Michael> On 10 Nov 2006 at 13:48, Eric Baum wrote:
>> I am arguing that if you find a code that solves a range of
>> naturally presented problems, that is so constrained (for example
>> by being extremely concise) that the only way it could have existed
>> is if it is based on an ingenious abstraction hierarchy with
>> modules exploiting real structure in the world and reused in
>> different contexts to solve different problems, then it will
>> continue to solve most new problems,

Michael> Ok, that seems pretty obvious, at least for anyone who
Michael> accepts the basic premise that the real world is highly
Michael> ordered.
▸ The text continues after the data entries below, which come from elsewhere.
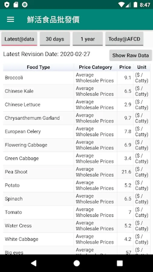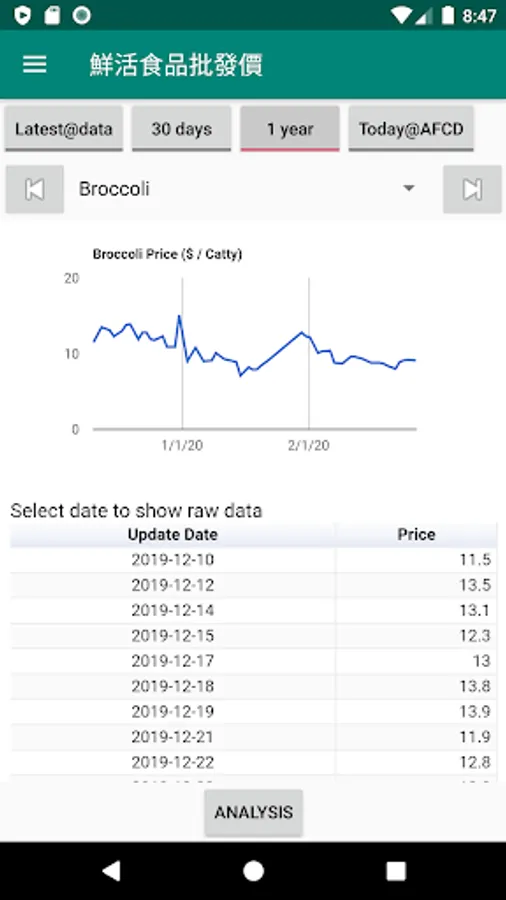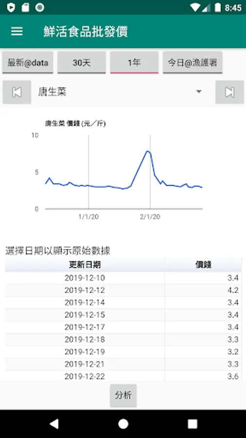 - 用圖表顯示各食品的價錢在過去30天和一年的變動。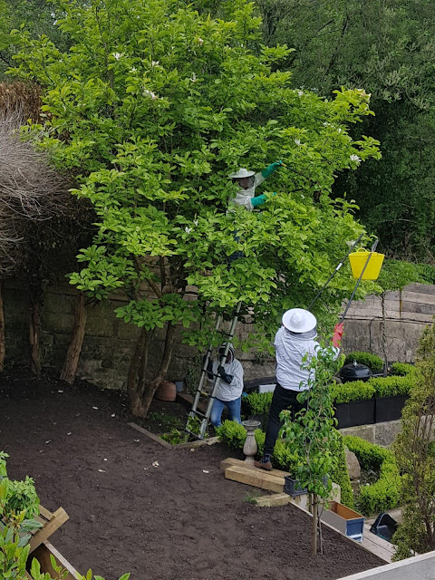 Back to the swarm. By this morning, they still hadn't moved from the tree, and it was looking like something needed to be done - Mark and his family really needed their garden back! So, this afternoon Amelia and I tooled up and headed round to Mark's house with a spare bee suit and a very vague idea of a plan.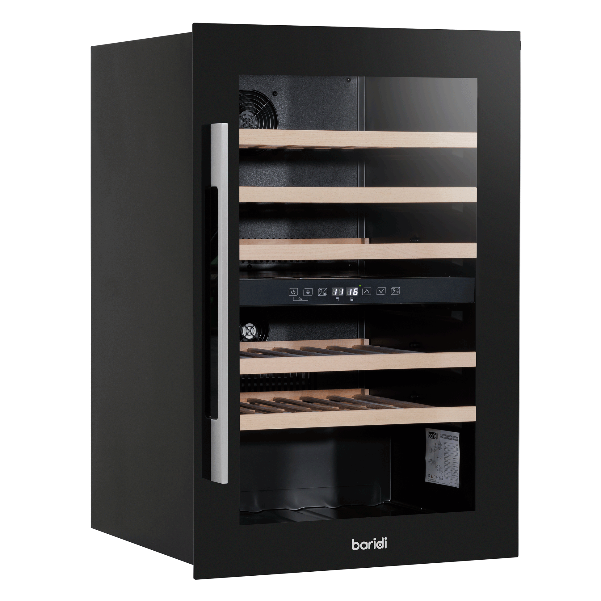 Baridi 60cm Built-In 57 Bottle Dual Zone Wine Cooler with Beech Wood Shelves - Black - DH118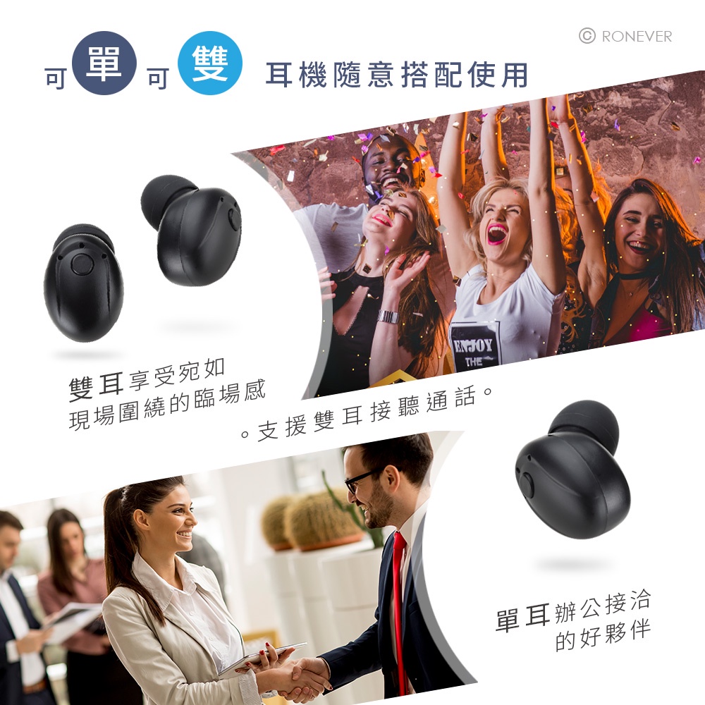 雙耳機可單耳分別獨立使用,支援雙耳接聽通話。

I don't think you're saying anything controversial
Michael> there, though people who don't like the idea of AIs being
Michael> based on serial-looking code will probably nitpick 'range of
Michael> naturally presented problems' in the hope of demonstrating
Michael> that only fuzzy/connectionist/massively parallel code can
Michael> solve nontrivial challenges (I'm not one of those people).

Michael> Generalising to this level isn't really saying anything
Michael> useful though, as you've pushed all of the challenge into
Michael> finding that code/module set/abstraction hierarchy in the
Michael> first place. 

That's a reasonable worry, but I think you get a fair amount out of
it. It tells you that much of the guts of cognition is in the genome, 
you shouldn't expect a tabula rasa algorithm or any other weak method
to solve the problem. It suggests
that neither hand-coding nor simple learning will produce
intelligence-- you will have to find a way to guide computers to
produce the code. It says quite a bit about what the code should look
like. It gives a different picture on what language is, and on why 
humans are cognitively so different from chimps. etc etc.